Tuesday, February 12, 2013

Perl Poetry

I think Perl poetry is pretty cool. I should write some sometime. I've made one or two attempts, but being the lazy programmer I am, instead of actually finishing any Perl poems, I wrote a Perl module that facilitates the writing of Perl poetry. The module is based on one observation: plain English text, especially the kind you would find in a poem or a novel, is often very close to being syntactically valid Perl. In fact, were you to declare a Perl operator (that is, a subroutine whose arguments don't need to be wrapped in parentheses) for each word that is not already a Perl keyword in some English text, the text would only need small changes to become a syntactically valid Perl script that executes without warnings or errors. The Perl module I wrote does just that: if you use it in a Perl script, it pre-reads the script and declares operators for each bareword that is not a keyword.
To show how it works, here's an example. This is not a valid Perl script:
As I walked through the wilderness of this world, I lighted on a certain place where was a den, and laid me down in that place to sleep; and as I slept, I dreamed a dream.
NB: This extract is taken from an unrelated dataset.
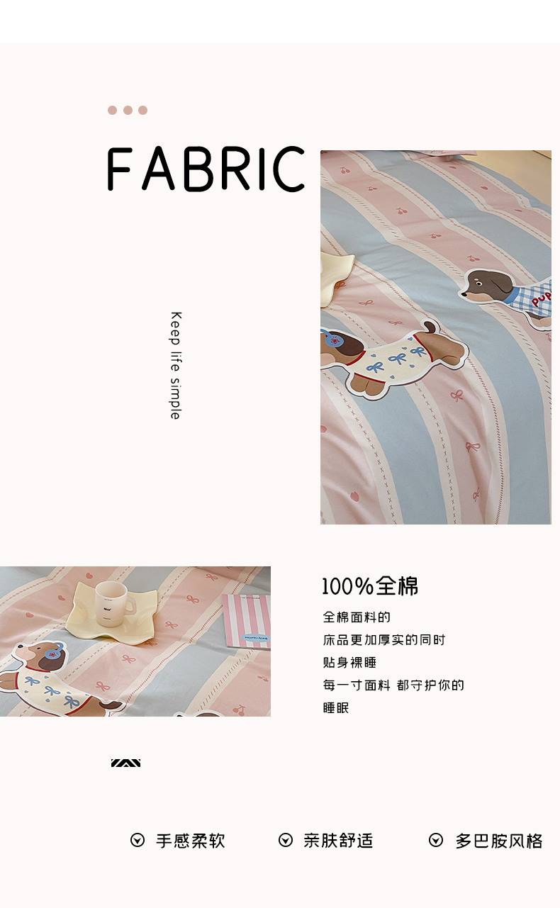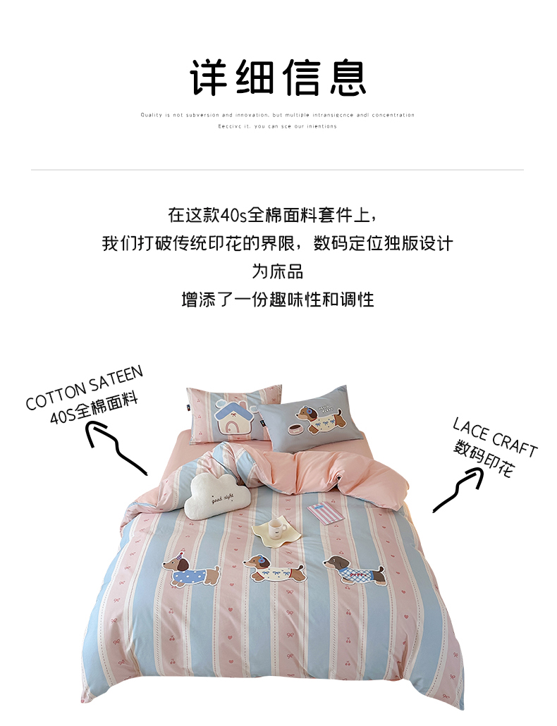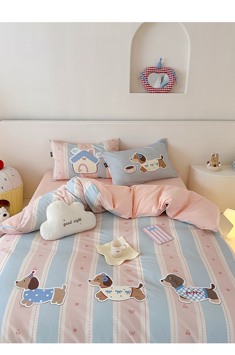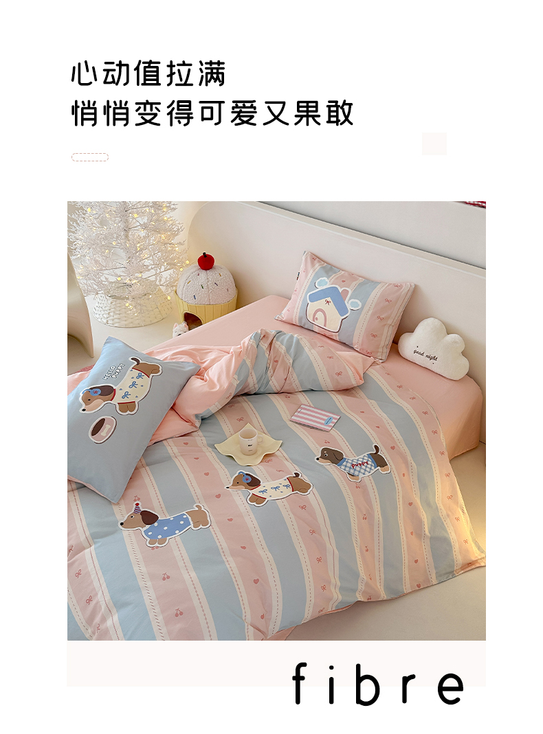 当前位置: 91家纺网 > 商品网购 > 床品套件 > 四件套 > 全棉普通四件套 > RYB红黄兰 开学季2025新款ins设计师原创大版卡通数码印花40s全棉纯棉四件套-场景二 甜心腊肠狗
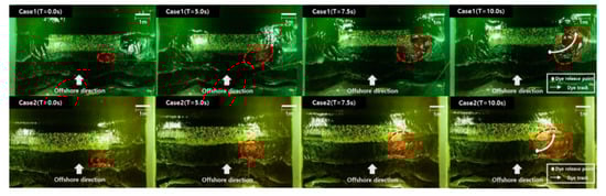 To qualitatively determine the flow that traveled from behind the structure to the open sea, it was tracked using a dye. Figure 8 shows the results from 0 s to 10 s for the flow of dye injected behind the shoulder of the structure as measured by a drone. As shown in the flow distribution at 5 s in Case 1, the flow predominantly moved toward the right, and the flow in the offshore direction developed in the open inlet and exited through the inlet at approximately 10 s. This was a general indication of a strong flow through the submerged breakwater to the open inlet. This strong flow could cause local scour and erosion behind the structure. However, when the hybrid method was applied, the flow exiting through the open inlet was relatively mitigated compared with that in Case 1. From the experiments, the application of the hybrid method could mitigate the problems of local scour and the erosion that generally occurs around submerged breakwaters. It could also improve the function of the submerged breakwater itself. Therefore, the hybrid method proposed in this study was determined to be applicable not only for general submerged breakwaters, but also for various structures for controlling coastal erosion.

I dreamed, and behold, I saw a man clothed with rags, standing in a certain place, with his face from his own house, a book in his hand, and a great burden upon his back.  I looked and saw him open the book, and read therein; and as he read, he wept and trembled; and not being able longer to contain, he brake out with a lamentable cry, saying, "What shall I do?" 
This is a valid Perl script:
use perlify;

As I walked through the wilderness of this world, I lighted on a certain place where was a den, and laid me down in that place to_sleep; and_as I slept, I dreamed a dream. I dreamed, and behold, I saw a man clothed with rags, standing in a certain place, with his face from his own house, a book in his hand, and a great burden upon his back.  I looked and saw him open_the book, and read_therein; and_as he_read, he wept and trembled; and_not being able longer to contain, he brake out with a lamentable cry, saying, "What shall I do?"
 They are not very different. To convert the text to a working Perl script, I just used perlify.pm and changed some spaces to underscores to prevent the text from calling certain Perl operators without the correct number of arguments. The default action for a word in this text is to print itself and then return 1. The output of the script is
world den a was where place certain a on lighted I this of wilderness the through walked I As to_sleep place that in down me laid slept dream dreamed I a dreamed I I and_as behold rags place house hand his in book a own his from face his with certain a in standing with clothed man a saw I back looked I his upon burden great a book open_the him saw read_therein he_read wept he and_as trembled contain cry saying lamentable a with out brake he to longer able being and_not
 This example isn't especially creative, but there are ways to embellish it to make it more interesting.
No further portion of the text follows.